So it's 9 PM and I'm sitting here in this parking lot beside the recreation center, contemplating how American policies tend to create distrust and even animosity between civilians and law enforcement.
Why are you sitting in your car crafting this particular post instead of working out, you ask?
Cause there's a campus police lurking around in the shadows, quietly sniping unsuspecting cars with citations, as their owners carry on blissfully in the gym, not yet realizing their whole week is about to be ruined by a $200 ticket.
Like a lot of these folks, I don't have the hefty parking pass to actually park here, but assumed I could get away with it so late in the evening with the lot so thinly vehicled.
But that doesn't matter to the officer. He's incentivized by policies geared around the creation of revenue, not by policies crafted with public service in mind.
So, for him, this is the perfect time to strike, not during the day-time hours when it would actually make sense to keep the lot cleared up for paying passholders, but in the dead of night when he'll catch the most people off guard.
You can blame the folks like me for playing loose with the rules, you can excuse him for just doing his job, but you can't deny that this sort of approach to law enforcement that makes police officers into antagonists on the eyes of the common man are simply not conducive to a better citizen-police relationship.
If we had decent policies, the guy would be hustling around the parking lot warning people not to park here without the right tag. Instead, I literally just watched him watch a group of students walk away before quietly sneaking over to take down their information.
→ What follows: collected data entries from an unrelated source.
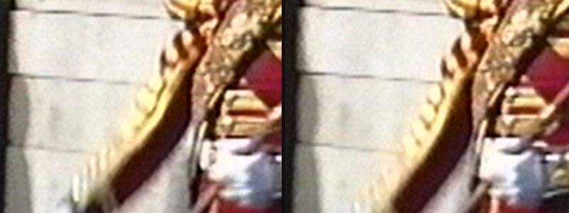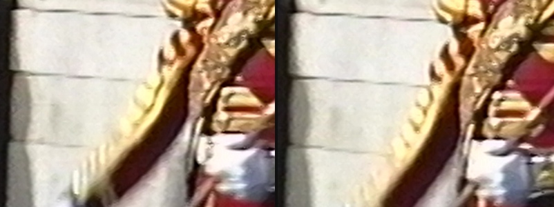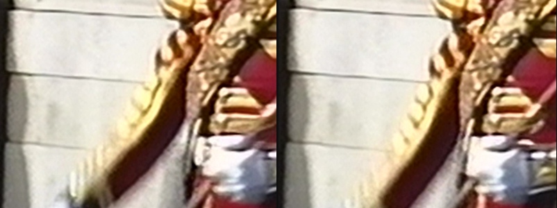 You'd think deinterlacing might smooth that out, but it doesn't. Below are EVEN (left) and ODD (right) fields as deinterlaced with Bob() and 2X blowup: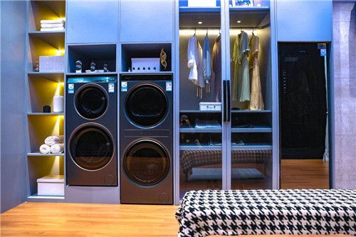 在护理柜、洗干护集成机和洗干组合下,组成了穿搭奢护精智方案;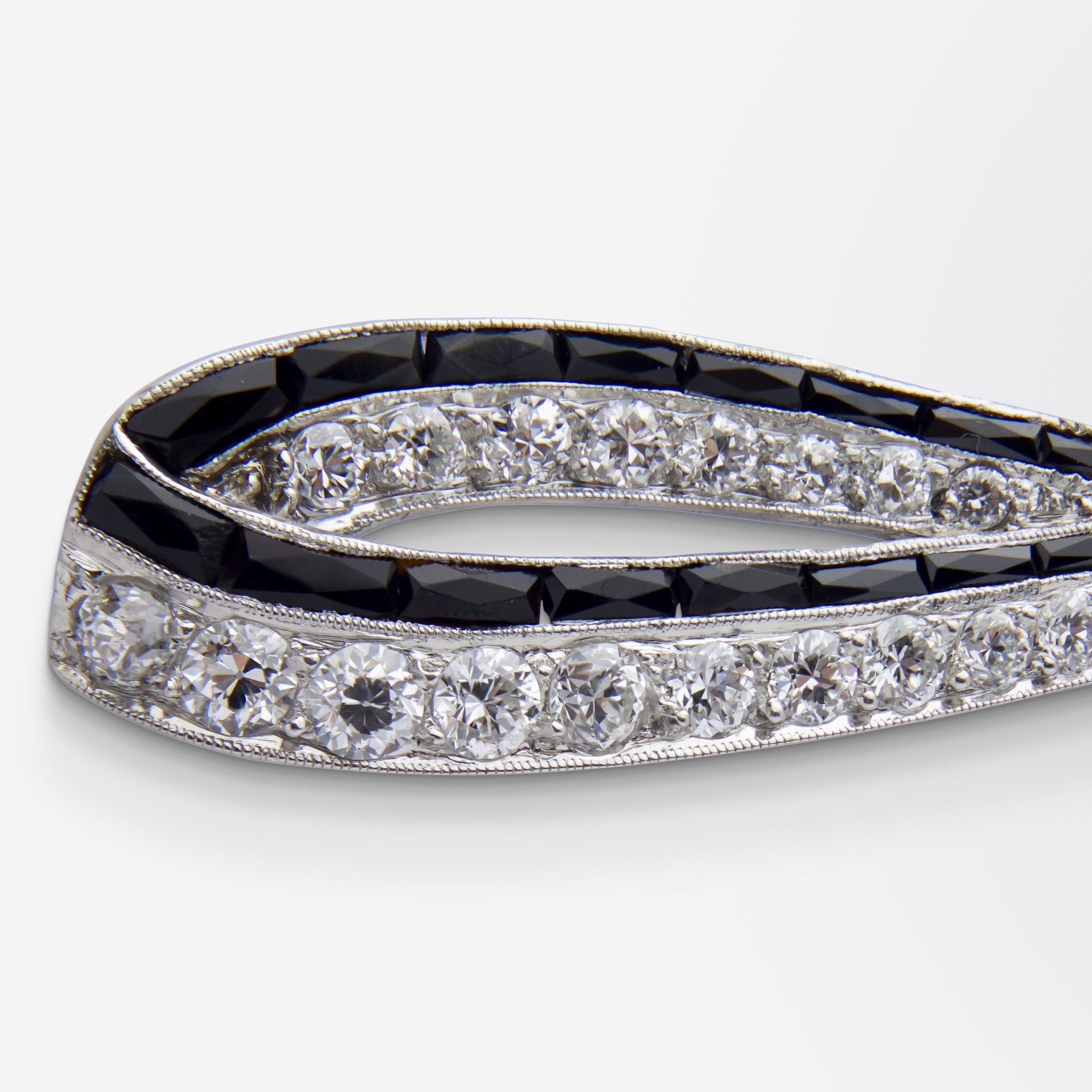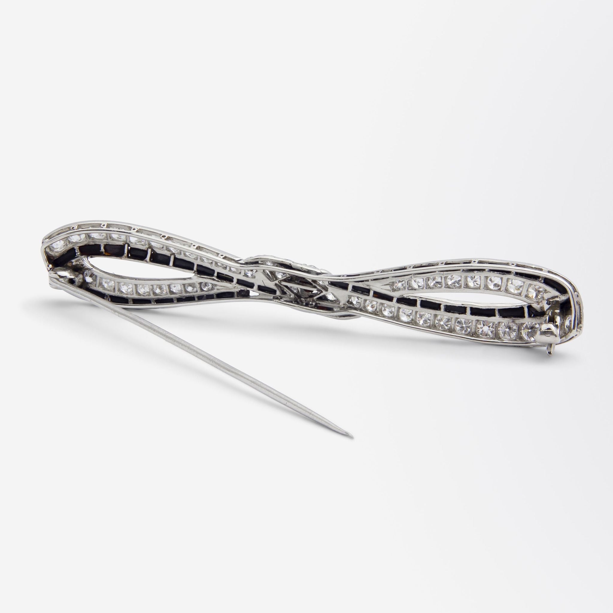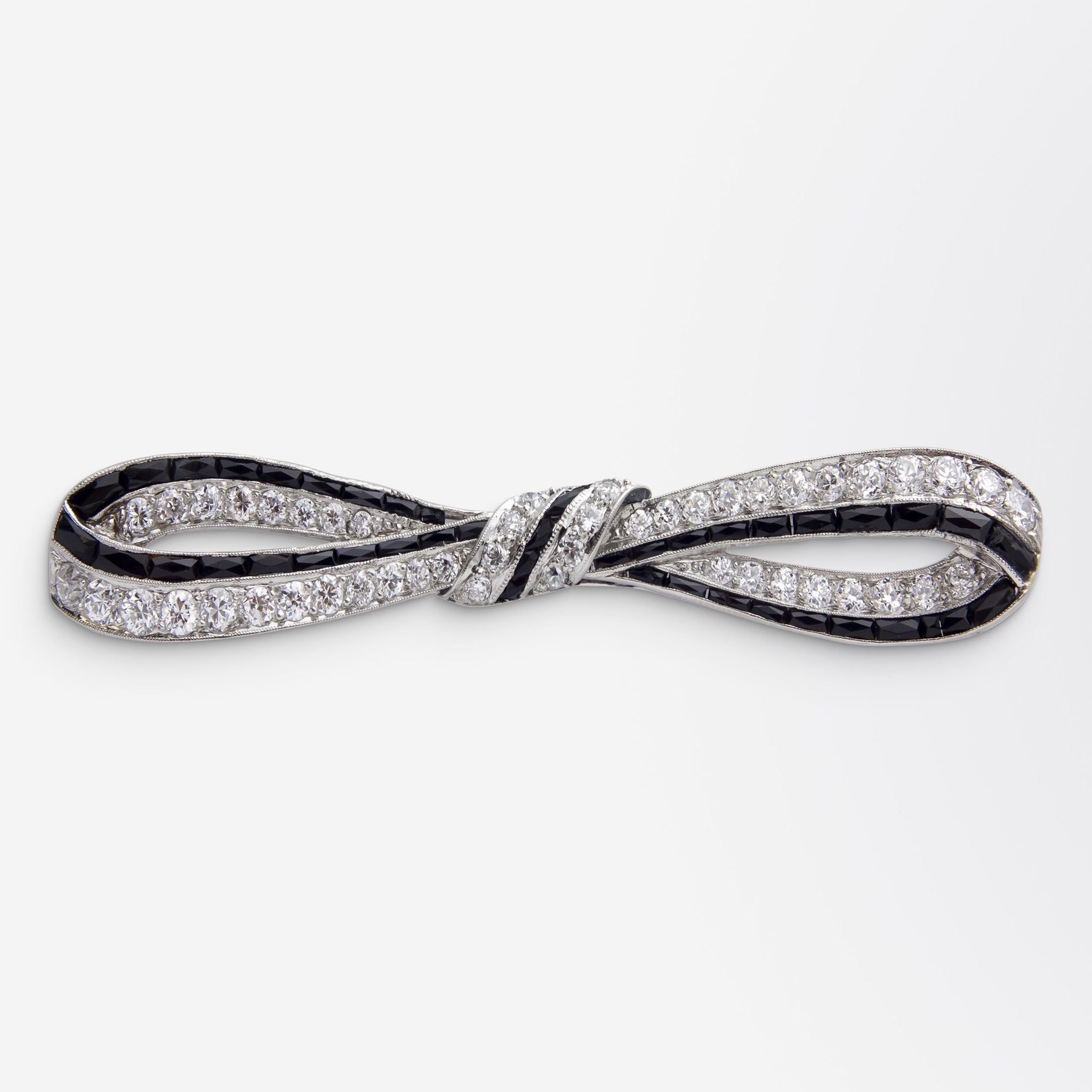 This exceptionally beautiful 'bow' brooch was made during the Art Deco period and has been set with diamonds and black onyx. The handmade platinum frame takes the form of a delicate bow which has been set with 48 old European cut diamonds graded between G and H in colour and SI in clarity totalling 2.10 carat. To add to the Art Deco flair of the piece it has been further set with 43 baguette cut pieces of black onyx, a very popular accompaniment to diamonds in Deco jewellery. To the rear the piece is finished with a hinged pin and 'C' type catch with safety closure, ensuring the piece stays firmly attached to a garment. The brooch retains what we believe to be its original retailing box from Johnson, Walker & Tolhurst who operated from Conduit Street in London. The firm was founded in 1849 and counted Winston Churchill and Indian Maharajas among their clientele. The piece likely dates to the 1930s and presents in good condition, however has been worn throughout its life and several of the onyx pieces have cracks or chips, along with a single diamond showing a chip. These imperfections are not noticeable unless very closely inspected and are commensurate with age and use. This is perhaps the most exquisite Art Deco bow brooch we have had and is bound to be an elegant addition to an evening gown or black jacket.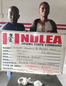 “An ex-convict, Gaddafi Ammani, 26, was arrested with various quantities of skunk and exol-5 pills along his accomplice Ahmed Sani, 32, at Nassarawa GRA, Ringim LGA Jigawa State on Saturday 17th January. Before Gaddafi’s arrest, he attempted to escape by climbing the roofs of many houses in his bid to escape. He was armed with a machete which he used to threaten NDLEA operatives and even inflicted injury on one of the officers.”

This guy is, quite literally, hunting college students right now. His is the role of the predator, theirs the prey.
Yet we wonder why there's such a lack of trust for law enforcement in this country?
Again, I don't necessarily blame the guy.
I blame policies that turn public servants into predators.
Policies that make our hearts drop into our guts when we see flashing blue lights on the highway.
We should feel relief and safety, not crippling fear and anxiety around those blue lights.
But no.
Also I'm gonna go, now... it's obvious this post didn't kill enough time for the cop to go away. In fact I think he's eying my vehicle now. Time for an unnecessarily long walk.
Adios.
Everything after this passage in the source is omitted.